Ownership of Harvey County Now eventually settled on a strategy to increase the cost of print subscriptions to accurately reflect the cost of production. Digital-only subscriptions, which do not require the cost to print and mail, will see a small increase in cost and will provide an option for those who do not use or wish to pay for what it costs to produce the printed product.
“We recognize what we are asking here. Everyone’s costs are going up—from the grocery store to the gas pump—and now we are just piling on to a readership base that is hurting,” Young said. “We want to provide some cheaper options for readers who are struggling so they can keep reading the paper, and you will see that reflected in our future plan.”
Bradbury said raising subscription costs is an option she’s seen many members considering or undertaking.
She noted that, even with the increased cost of news, it’s still a small price to pay for the benefit it provides.
“Look, when you can pay $8 for Hulu and $15 for Netflix and $25 for HBO Max, you can pay for a local business that holds the government accountable and informs the public on what they need to know,” she said.
Finneman said the best way to prevent or reverse the decline in local journalism was to ensure that journalism was funded.
“The price of a candy bar is almost $2. Think of the 10 seconds it takes a factory to make a candy bar and the 200-plus hours it takes to get the newspaper together,” she said. “The newspaper industry now needs to correct course and take on a modern business model for a modern world.”
A sustainable path
Starting July 1, a print subscription to Harvey County Now will cost $12 per month, plus tax. A monthly digital subscription will cost $9, plus tax. The price does not increase on existing subscriptions. Renewal notices will reflect the new price.
Print subscriptions include online access and will be billed annually or can be paid for online monthly. They also make print subscribers members of Harvey County Now’s Press Club and entitle them to all the social events and benefits existing Press Club members have enjoyed the past year.
Digital-only subscriptions will be billed monthly through the website as they have in the past.

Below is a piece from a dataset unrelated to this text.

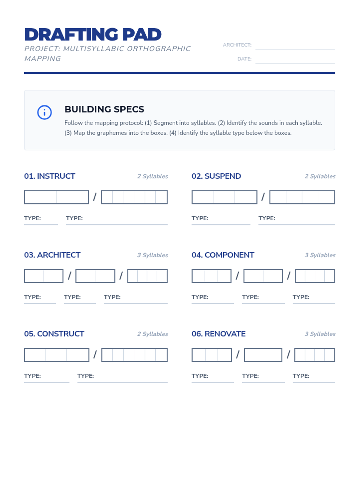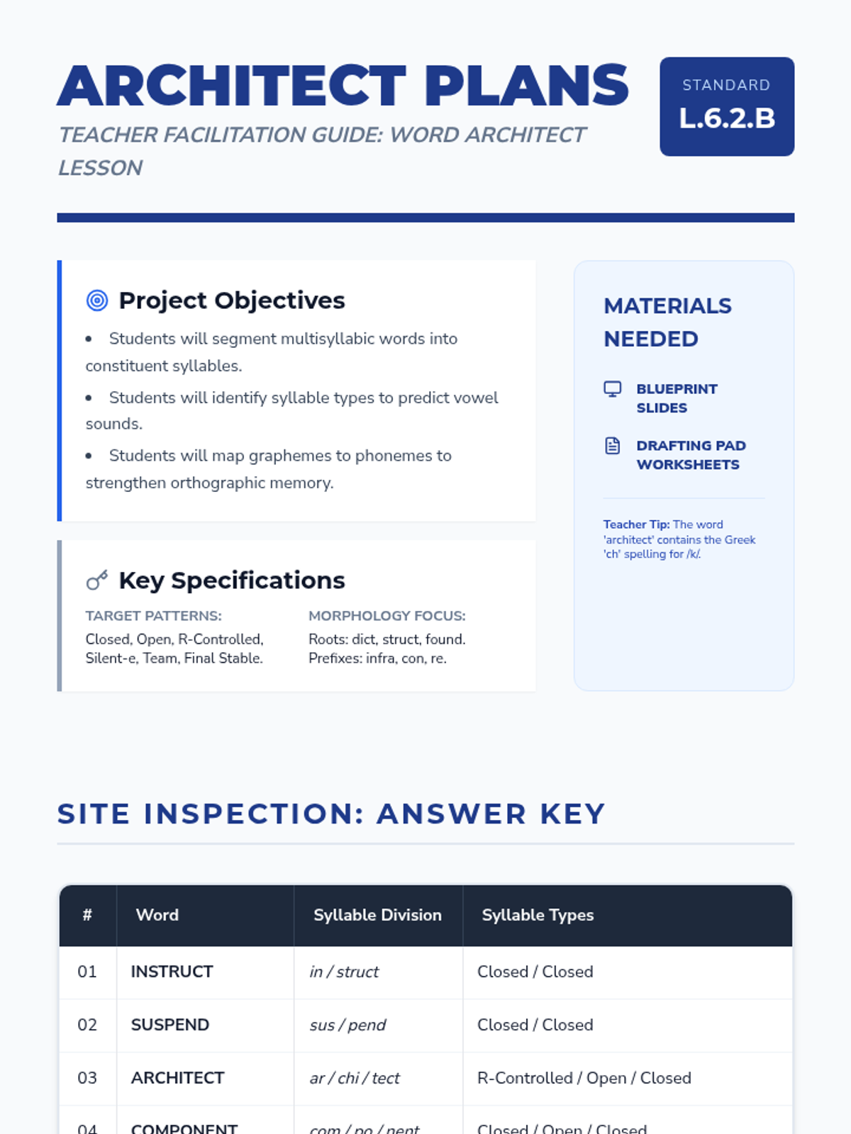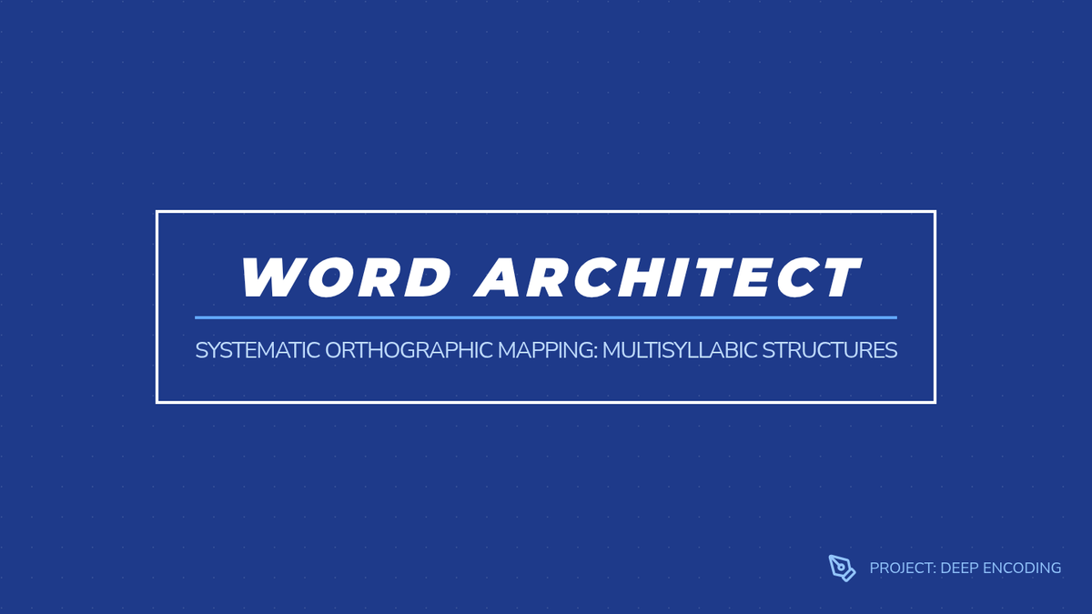 A middle school spelling lesson focusing on orthographic mapping for multisyllabic words using an architectural blueprint theme. Students learn to break down complex words into syllables and map sounds to graphemes for permanent storage.

The increase in print subscription costs will help offset the production of printed papers and put the company on a sustainable path to continue to print papers for years to come.
The increase will also offer the company flexibility in the size of papers it prints and additional resources to cover important news stories in all its communities. Finally, it would pay for wage adjustments to help employee pay keep up with market inflation. Harvey County Now ownership believes these changes are necessary to continue to produce the quality product readers have come to support and expect.
As for the author of this article, he understands that people get what they choose.
He has optimism that a good many readers find enough value in his work and the work of Wendy, Bill, Joey, Bruce and Lindsey to choose to have a comprehensive locally owned paper far into the future.